In another specific embodiment of the device 1 according to the invention, the relation between the maximum level of the signal produced by the shock B and the maximum level of the initial shock A and/or the maximum level of the closing shock C is calculated and memorized so as to allow for the diagnosis and/or the adjustment of the fire arm.

FIG. 5 illustrates a special embodiment of the device which makes use of that possibility: when the microprocessor 3 detects bursts that last too long, it warns the shooter via an appropriate display 8, consisting, for example, of a set of light indicators 9, 10, 11 in different colors, whereby the green indicator 9 indicates a normal use, the orange indicator 10 indicates a restricted use and the red indicator 11 indicates a potentially dangerous situation.

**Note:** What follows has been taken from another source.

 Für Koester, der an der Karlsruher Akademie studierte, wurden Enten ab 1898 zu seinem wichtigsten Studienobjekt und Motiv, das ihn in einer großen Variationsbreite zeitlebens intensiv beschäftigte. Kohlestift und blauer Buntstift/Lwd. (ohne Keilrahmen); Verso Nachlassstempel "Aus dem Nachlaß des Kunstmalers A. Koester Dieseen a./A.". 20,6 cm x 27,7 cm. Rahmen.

Such a function is particularly useful in the case of machine guns.

The ability of the device 1 to continuously keep track of the firing conditions may also be used to act directly on the mechanism of the fire arm 12, via a mechanical interface or an actuator 13 as indicated in FIG. 6, and to modify its operation mode, for example by provoking the transition from firing with a locked bolt to firing with an open bolt (see for example Belgian patent No. 1,001,909), in order to prevent a spontaneous ignition of the ammunition in the chamber.

To this end, one only has to register a table or a chart in the memory 4 of the microprocessor 5 which defines, as a function of the length of the shots, the number of shots fired on the basis of which the operation mode of the fire arm must be commutated.

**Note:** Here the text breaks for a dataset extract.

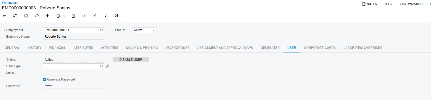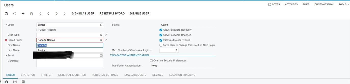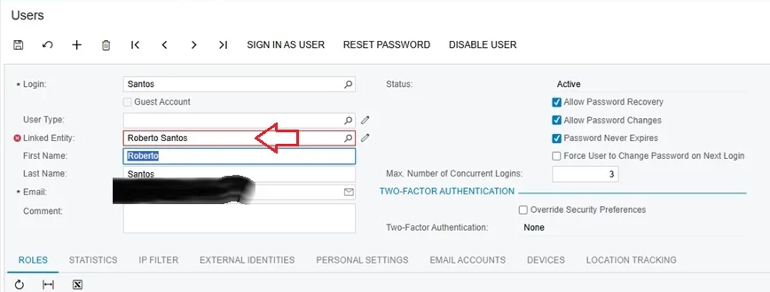 Try another alternative solution which is to create a new User similar to Santos User. Then select Linked Entity to "Reberto Santos" Employee.

As represented in FIG. 7, a real-time clock 14 may be included in the device 1 which makes it possible for the microprocessor 3 to register in the memory 4 the exact and complete date of every fired shot.

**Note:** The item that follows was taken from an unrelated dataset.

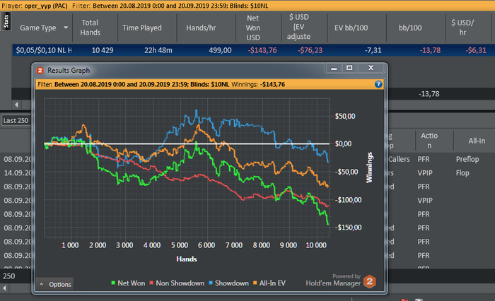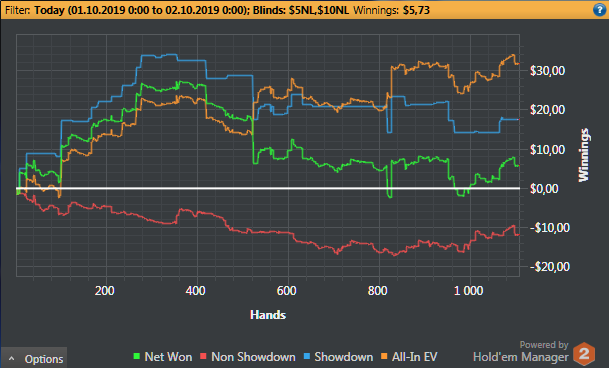 Ну а в целом даже 410$ по EV за месяц на лимитах нл 5-10 считаю не плохим результатом

One may also include in the device 1 a localization system 15, of the GPS type for example, either in combination with the clock 14 or on its own, which enables the microprocessor 3 to register the position of the fire arm for every fired shot in the memory 4.

In short, the above-described devices make it possible to detect and record the shots fired, possibly also to make a distinction between the blank and live cartridges fired, and to continuously analyze the kinematic behavior of the fire arm, namely by measuring the recoil time of the moving parts, such that adjustment errors or performance drifts due to wear of the elements may be detected.

In a broader sense, the above-described devices make it possible to continuously control the use and efficiency of the fire arm in real time by indicating anomalies or dangerous firing conditions to the shooter, or even by acting on the firing mechanism so as to adjust its operation, for example, so as to provoke the transition from firing with a locked bolt to firing with an open bolt, in order to avoid any spontaneous ignition of the ammunition in the chamber.

It is clear that every type of fire arm is characterized by its own to-and-fro sequence of the moving parts and thus by its own acceleration signature with a succession of shocks and calm zones that are specific to the fire arm and the ammunition used.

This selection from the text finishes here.